We’d reached the penthouse door though, and now I could hear the music even through the thick, metal-plated panel. Whoever left it on, they’d cranked the volume up high. If this was a normal apartment, the sound would have filled the hallway.
“What about Lizbeth?” I said, as we approached the door. “Or the cleaning crew?”
“It would be a first,” Black said, his mouth firming as he gave me a look. “A first in over ten years, doc.”
I didn’t answer.
We were close enough now I recognized the song.
It almost sounded like…
“Monster Mash,” Black muttered.
I frowned. He was right.
It was that Halloween song.
His gold eyes darted to mine.
His expression grew so hard, it almost didn’t look like him.

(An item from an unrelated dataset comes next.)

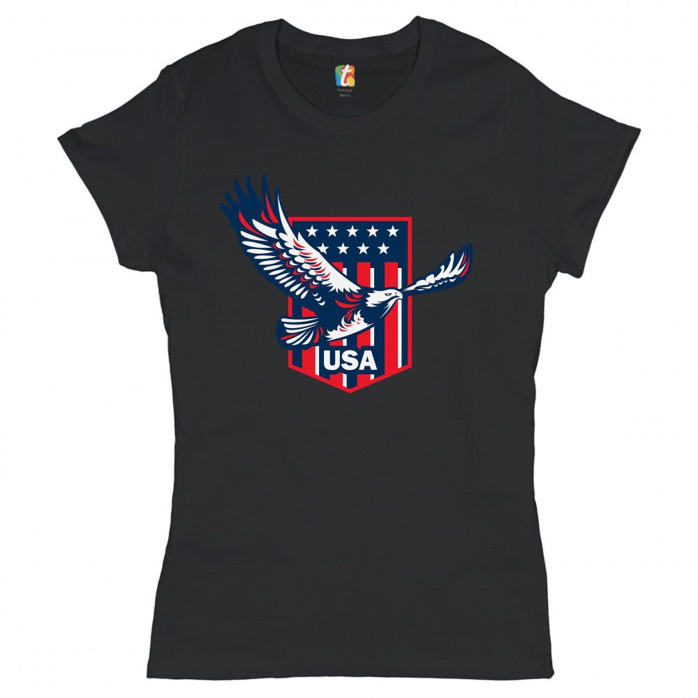 USA BALD EAGLE t-shrit stars and stripes shield 4th of july women's tee black
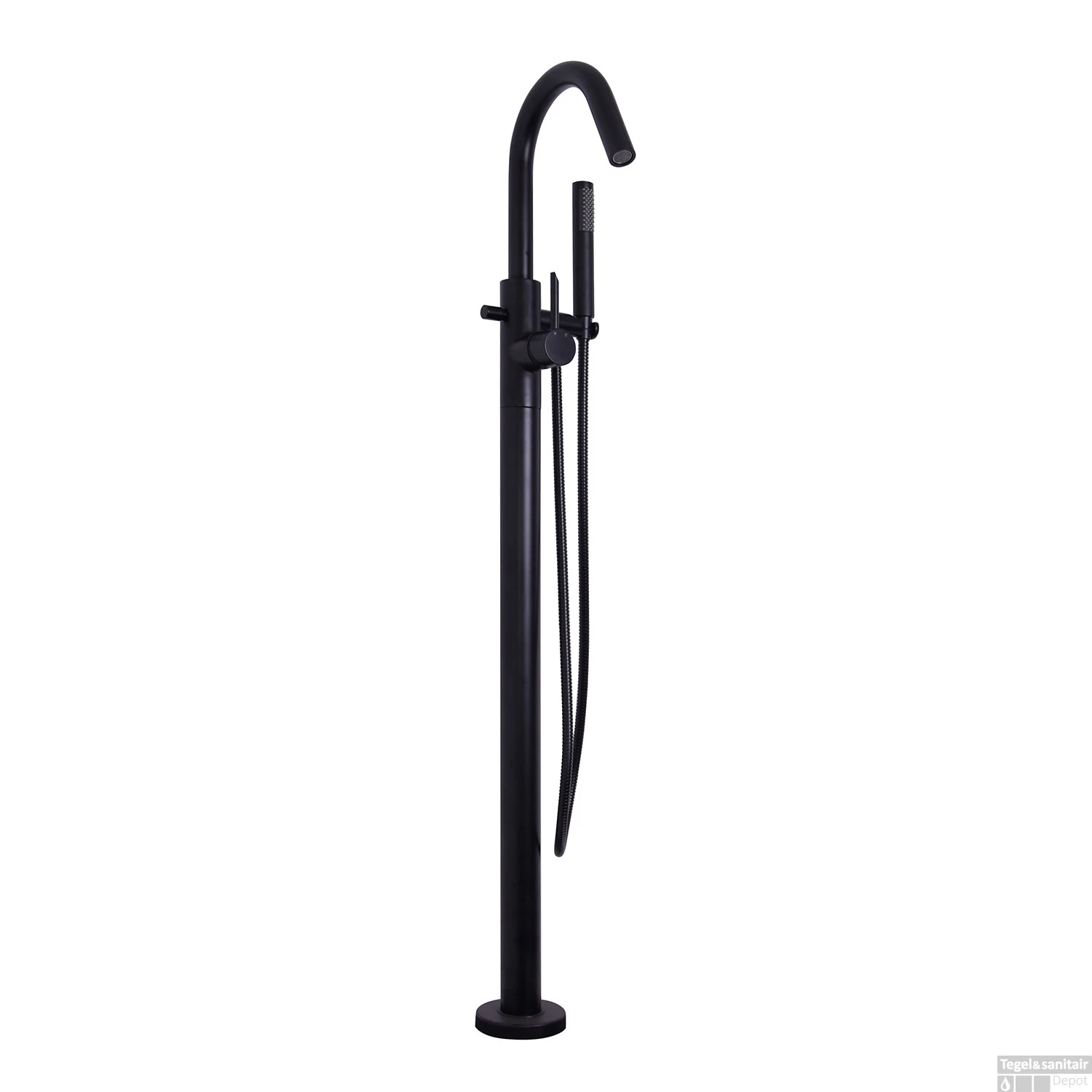 Deze vrijstaande badkraan staat garant voor kwaliteit en design. Het betreft een complete set bestaande uit een badkraan, een handdouche en een doucheslang. Alle elementen van deze set zijn afgewerkt in de kleur mat zwart, wat een luxe en moderne uitstraling aan uw badkamer geeft.

“Stay here, Miriam.” He motioned for me to stay behind the door. “Don’t come in. Not until I tell you it’s okay. I fucking mean it.”
I frowned at him, shaking my head. “Call someone, Black. Right now.”
His hand was already on the door handle. He paused long enough to reach into his jacket, pulling out and handing me his phone.
“You call,” he said. “Call Kiko. Tell her to send a team.”
I took the phone, wanting to argue with him, but he jerked open the door before I could speak. Sound erupted into the hallway, so loud it was nearly deafening. I’d never heard Black’s speakers that loud before, not even the one time we had a small get-together there and someone, probably Nick or Angel, got drunk enough to crank up the music for dancing.
I watched Black disappear through the opening, his gun up.
Feeling a ripple of pain and fear flood my light, ratcheting up my heartrate as I watched Black disappear from my view, I considered following him, then decided to call his team in first. Swiping the front of his phone, I entered his password, then immediately went into his phone app and hit the number for Kiko.